Laurent Quinton, Deux fils — Pinocchio (Walt Disney, 1940) suivi de Frankenstein (Universal, 1931)

Quand les deux vont de père

Si une petite dizaine d’années à peine sépare ces deux oeuvres ciné­ma­to­gra­phiques, Pinoc­chio et Fran­ken­stein, le fond même de leur pro­pos ten­drait à les oppo­ser radi­ca­le­ment : quoi de plus hété­ro­gènes en appa­rence qu’une marion­nette et un savant fou ?
Laurent Quin­ton pro­pose donc une démarche plus que sti­mu­lante en ten­tant de les relier à sa façon par le biais de la thé­ma­tique de la filia­tion et du rap­port tout psy­cha­na­ly­tique au Père (et à sa loi).

Le pro­pos de ce court ouvrage, qui met en exergue grâce à cer­taines astuces typo­gra­phiques, des séquences dia­lo­guées des deux oeuvres, vise ainsi à expli­ci­ter en quoi le Pinoc­chio de Walt Dis­ney (1940) et le Fran­ken­stein de James Whale, (1931) incarnent l’histoire de deux fils qui doivent apprendre, à leur corps/esprit défen­dant, à com­po­ser avec la puis­sance du Désir pater­nel.
Or, si les pages dédiées à la méta­mor­phose d’un bout de bois en “véri­table petit gar­çon” implantent (notam­ment par son inter­ro­ga­tion sur le rôle de la parole et de la conscience morale face à la Fée bleue) des jalons concep­tuels qui méritent l’attention, on n’en dira pas autant, hélas!, de l’analyse réser­vée au savant inquiet et athée dont la liberté se verra comme fata­le­ment absor­bée par son lignage aristocratique.

La cause en est que le sta­tut d’analyse fil­mique — l’auteur semble se pré­va­loir lui-même de cet écart assumé d’ailleurs — ne fonc­tionne pas selon le même para­digme dans les deux cas : lorsque Laurent Quin­ton se penche sur Pinoc­chio, il en extrait des élé­ments objec­tifs qu’il sou­met ensuite à son inter­pré­ta­tion (afin de sus­ci­ter la nôtre — comme il le fait au quo­ti­dien devant les élèves des classes dont il a la noble charge) ; en revanche, lorsqu’il s’appuie sur Fran­ken­stein, il choi­sit en toute connais­sance de cause d’actionner le levier du récit auto­bio­gra­phique cor­rélé à une mise en abyme — et ce pro­cédé fonc­tionne net­te­ment moins bien.

L’inter­pré­ta­tion des séquences sou­mise se fait alors plus flot­tante, moins cam­pée comme c’est le cas dans Pinoc­chio sur des concepts pro­pre­ment phi­lo­so­phiques à expli­ci­ter (l’identité, l’éducation, l’autorité, la parole, la séduc­tion, la morale), ce qui induit chez le lec­teur un inté­rêt moindre envers les pro­po­si­tion enga­gées.
A ce titre, l’entrée en matière de Fran­ken­stein vu par l’auteur tarde vrai­ment à scru­ter le sup­port fil­mique et aurait mérité, il nous semble, une reprise édi­to­riale plus atta­chée par exemple aux ques­tion de l’idiotie, de la régres­sion et du sacri­fice com­munes aux deux his­toires.

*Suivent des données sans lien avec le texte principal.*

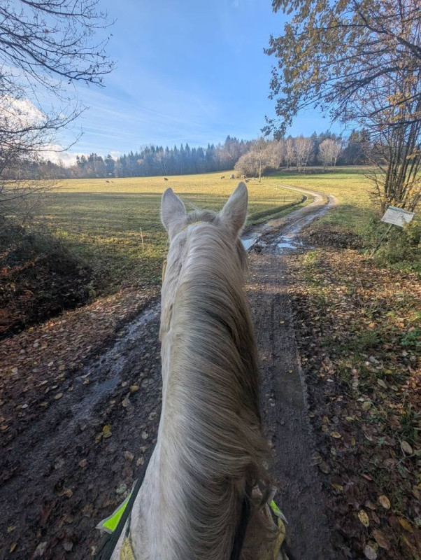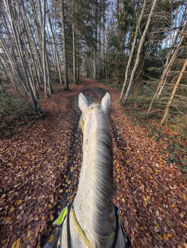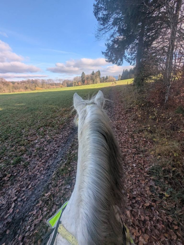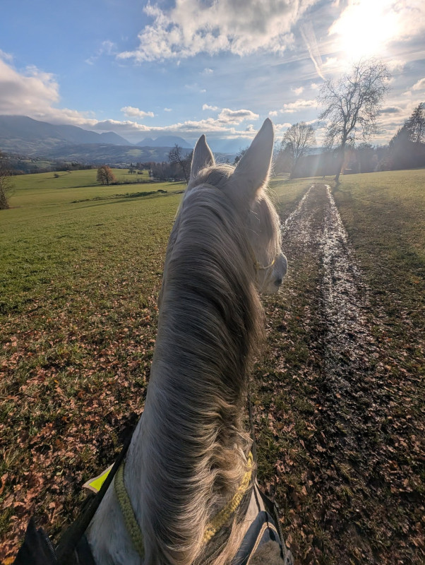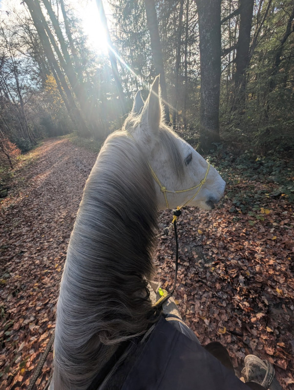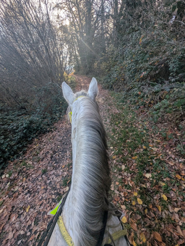 Du coup reste de la balade on a fait du pas et pas mal de trot ça nous a bien réchauffés ! Le tout en extension pour bosser ce petit dos ! Il a été top ! Bon a des moments il prenait le galop au lieu du trot mais à des moments il m'a sorti un trot de fou
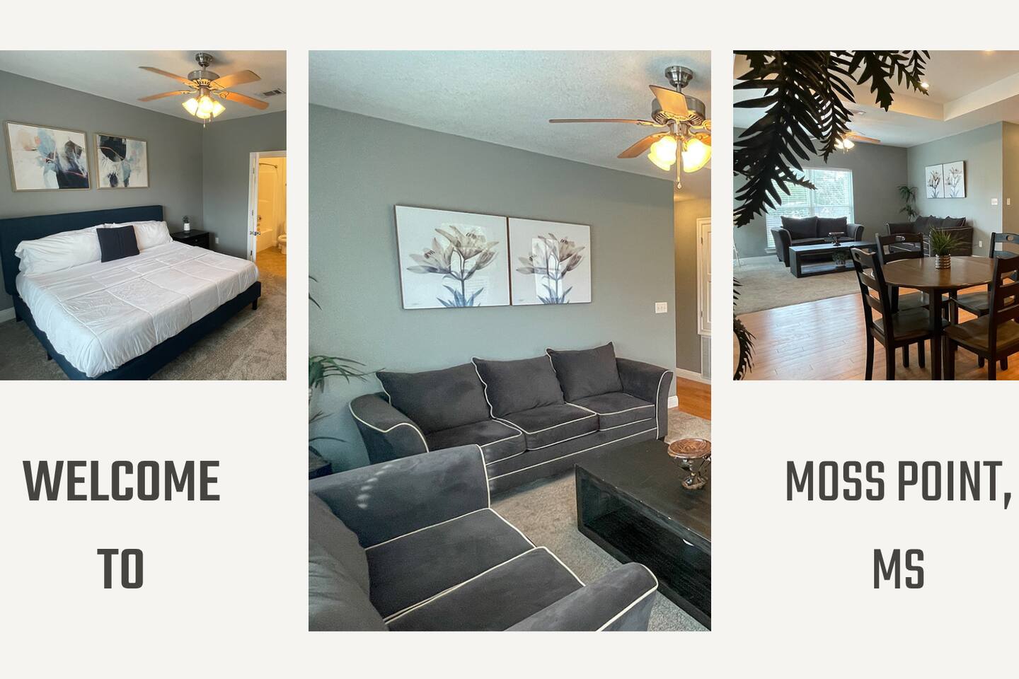 ★This apartment includes★ → 55" & 40" 4K Roku TV w/ Netflix & Youtube TV → Keyless Entry System → Fast Wi-Fi (500Mbps+) → Free onsite parking → Washer/Dryer In-Unit ★★ 3.7 miles to center city★★ ★★ 30 miles to Mississippi Coast Coliseum★★ ★★ .5 mile to Downtown Riverfront★★ ★★ 4.5 miles to Singing River Hospital★★ ★★ 7 mile to Chevron Oil Refinery, Ingalls Shipbuilding, Mississippi Power ★★ The apartment is newly updated. Comfortable furnishings and a large fenced-in backyard. ★Home includes★ → 3 King beds → 55” Ultra HD 4K TV in the living room and a 40" in each bedrooms → Fully equipped kitchen → Air Conditioning → Washer/Dryer → Cleaned by a professional team The kitchen is fully equipped with: → Pots → Pans → Dishes → Utensils → Salt+Pepper → Coffee → Tea → Creamer ★★CLEANLINESS★★ is a high priority for our apartments! There is always a thorough sanitizing/cleaning between guests.
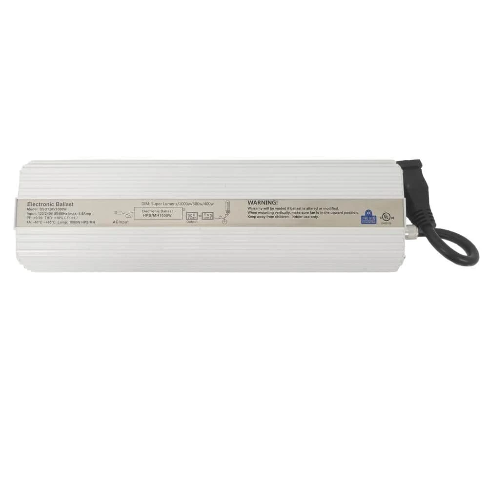 Hydro Crunch 1000-Watt Dimmable Digital Ballast features high power factor, high luminous efficiency, adjustable wattage output, and convertibility between HPS and MH light bulbs for vegetative growth to flowering stages. Run your hydroponic grow lights brighter with this ballast as it supports dual voltage 120-Volt/240-Volt. The high operating frequency not only ensures continuous power delivery, but also has conserving bulb life in mind. As efficient and powerful as it is, its silent operation and light weight design adds to the maximum lumen any plant will ever need.
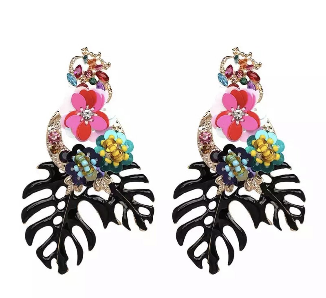 Black leaves big earrings
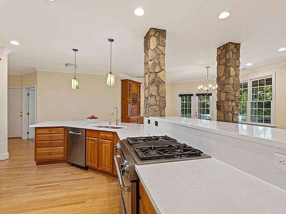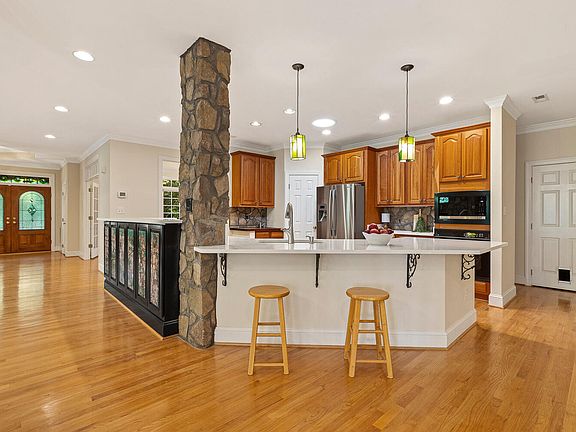 Gorgeous brick walk-out basement home on 1.69 very private wooded acres in highly sought-after River Oaks! The spacious side-entry garage and classic curb appeal are complemented by modern updates including a 2021 roof, 3 HVAC units (2024, 2022, 2011), and Ring security cameras. Inside, the home showcases hardwood floors throughout the main level, and electric remote-controlled EcoSmart window shades in the office, dining room, and primary bath. The gourmet kitchen features 2 ovens, new quartz counters, stainless appliances, a Solatube skylight, center island, veggie prep area, and walk-in pantry. Relax in the family room by the stone-surround fireplace. The main-level owner's suite offers a spa-like bath (remodeled 2022) featuring Hanex solid-surface shower and counters, a free-standing tub, walk-in shower, and private deck access. Additional features include a formal dining room, home office with built-in storage and bench, and two spacious bedrooms sharing a Jack-and-Jill bathroom. The beautifully finished, walk-out basement offers a wet bar with dishwasher, bonus room, a full bath, flex rooms, room suitable for wine storage, workshop with built-in benches and plenty of storage has endless possibilities for hobbies or maybe home business. Whether you're a nature lover, being in it or just enjoying the view, or a gardener enthusiast you will love the serene picturesque outdoor living which changes with the seasons. This home offers a screened porch with luxury vinyl floors, an expansive tiered deck, gas line for grill, spacious lower covered patio wired for hot tub, fenced yard, and irrigation system. Enjoy community amenities: pool, clubhouse, tennis, and pickleball, with easy access to area parks, Falls Lake, WakeMed North Hospital, shopping, US-1, and I-540! For those who love a quick stroll to restaurants, Brixx wood-fired pizza, Mamacita (Mexican cuisine), Bowlba Cafe, and River Pub are nearby.
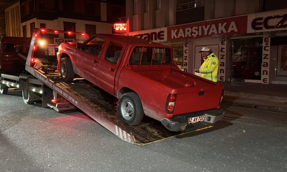 Olay, saat 23.00 sıralarında Gülyalı ilçesinde meydana geldi. Polis, kontrol noktasında rutin denetimlerde 52 AV 722 plakalı kamyonetin sürücüsüne ‘Dur’ ihtarında bulundu. Ancak sürücü kaçtı, polis ekipleri de peşine düştü. Takip sırasında kamyonet, Altınordu ilçesinde bazı sivil ve polis araçlarına çarptı. Polis, Karşıyaka Mahallesi’nde kamyoneti arka lastiklerine ateş ederek durdurdu. Alkollü olduğu öne sürülen sürücü, gözaltına alındı. Kamyonet ise çekici ile bölgeden kaldırıldı.
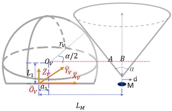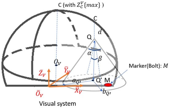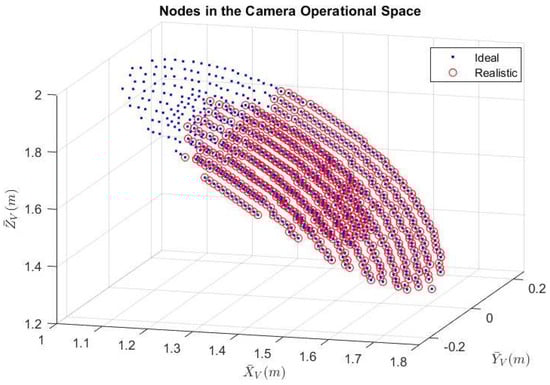 A camera, mounted on a 6-joint robot manipulator, moves freely in 6 degrees of freedom (6 DoFs) in space. Assuming the camera is fixed in orientation towards the face of the object of interest, only the position (3 DoFs) of the camera can vary from the movement of the robot arm. The camera can only move to the locations within the maximum reach of the robot manipulator, and the object can only be detectable within the view angle of the camera. These constraints create a camera operational space (Figure 6a), which is then gridded with a certain resolution of distance. All the intersections of grids come up with a set of nodes (), which are all possible candidates of locations that the camera may move and search utilizing the algorithm. Each node is indexed and denoted as .
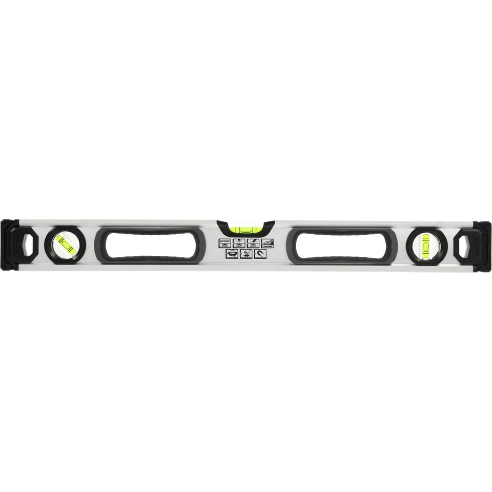 - Poziomnica z uchwytami z serii PROLINE HD wykonana z prostokątnego, grubego profilu aluminiowego tłoczonego
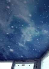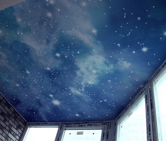 Bien sûr, un plafond blanchi à la chaux est hors de question. La seule exception est le style provençal. Dans cette version, il est complété par des poutres en bois. Dans tous les autres cas, vous devez vous concentrer sur les plafonds tendus modernes. Des tirages originaux peuvent être imprimés sur la toile.

Ou encore, une confron­ta­tion directe de deux séquences, plans ou extraits emprun­tés aux deux sup­ports choisis.

L’essai prend de fait à ce moment-là davan­tage l’aspect de deux fils de trame anti­no­miques que celui du lien filial et fami­lial qu’il s’agissait pour­tant de mettre au jour.
Pinoc­chio et Fran­ken­stein vont certes tou­jours tous deux “de père” mais, à notre grand regret,  ne consti­tuent plus la paire escomptée.

fre­de­ric grolleau

Laurent Quin­ton, Deux fils — Pinoc­chio (Walt Dis­ney, 1940) suivi de Fran­ken­stein (Uni­ver­sal, 1931), éd. Pont­cerq, avril 2021, 120 p. — 10,00 €.